Bless her, thinking of you and your family. Big hugs to you all
How incredibly sad. Your mum sounds a very brave lady indeed. How old was she ? Thank you for sharing and letting us all know to look for the signs. To be left blind is one of the worst things ever. You take care of yourself you sound a lovely daughter.
They diagnosed her too late, her sight had already started to go. Even though she saw several doctors, A&E and a neurologyst with textbook GCA symptoms months before. (It was Specsavers who diagnosed her and sent her immediately back to A&E) They put her on 60mg, she lost one eye then they discharged her with no warning about the other, still on 60mg her second eye began to go, within 9 days she was completely blind. Terrifying sequence of let downs.
I must mention how brave and resilient my mum was, she lived a full life without sight, kept very healthy and went out, kept her sense of humour, lots of audio books and podcasts, cooked, did her make up, learned new skills...
We are in North West England. Every nurse and doctor and paramedic I spoke to during my mum's stay in hospital I made sure knew more about GCA than they did before and most knew nothing.
What a very brave lady. I'm sure I wouldn't be like your mum. Just having the sight in one is is bad enough. The brain has to adjust.
You could complain about lack of care. It seems doctors just don't know the signs of Polymyalgia and Giant Cell Arteritis, mine didn't. My meningitis was missed, and I was presenting all the usual symptoms. Vomiting, stiff neck, etc etc...almost lost my life. Because I was going gar-gar from the bacteria attacking my brain, one doctor said I was having a nervous breakdown. This was down to an inner ear infection.....will they ever learn, doubt it !!

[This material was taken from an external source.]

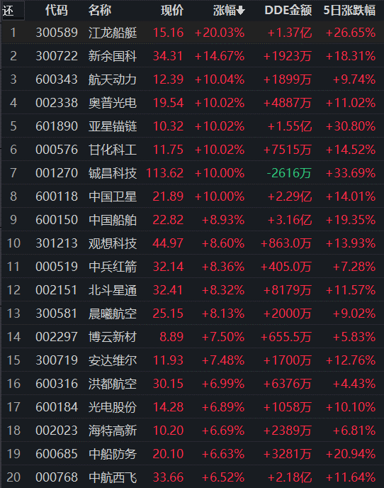 7月20日,國(guó)防軍工行業(yè)漲幅居首,達(dá)4.55%。行業(yè)99只交易中的個(gè)股,有98只上漲,其中,7只個(gè)股漲停。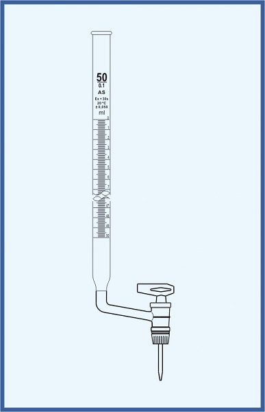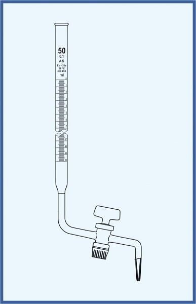Byreta, tr. AS, so Schellbachovým pruhom, priamy kohút, sklenené kladívko, 25/0,1 ml

I just want to say thank you to everyone on here for your help, advice and support during the last year. We got none from my mum's GP practice or Rheumatologist - just the occasional sympathetic ear
Please accept my sympathies to you and your family on your loss. It is never easy to lose a loved one, especially your mum, but I hope you take comfort that your mum passed with dignity and serenity, and supported by the ones she loved.
What a lovely Mum and what a lovely tribute your entry is to her. My sincere congratulations on your loss. It is apparent that she will be sorely missed, but it is just as clear that she left you with so much that will be with you always.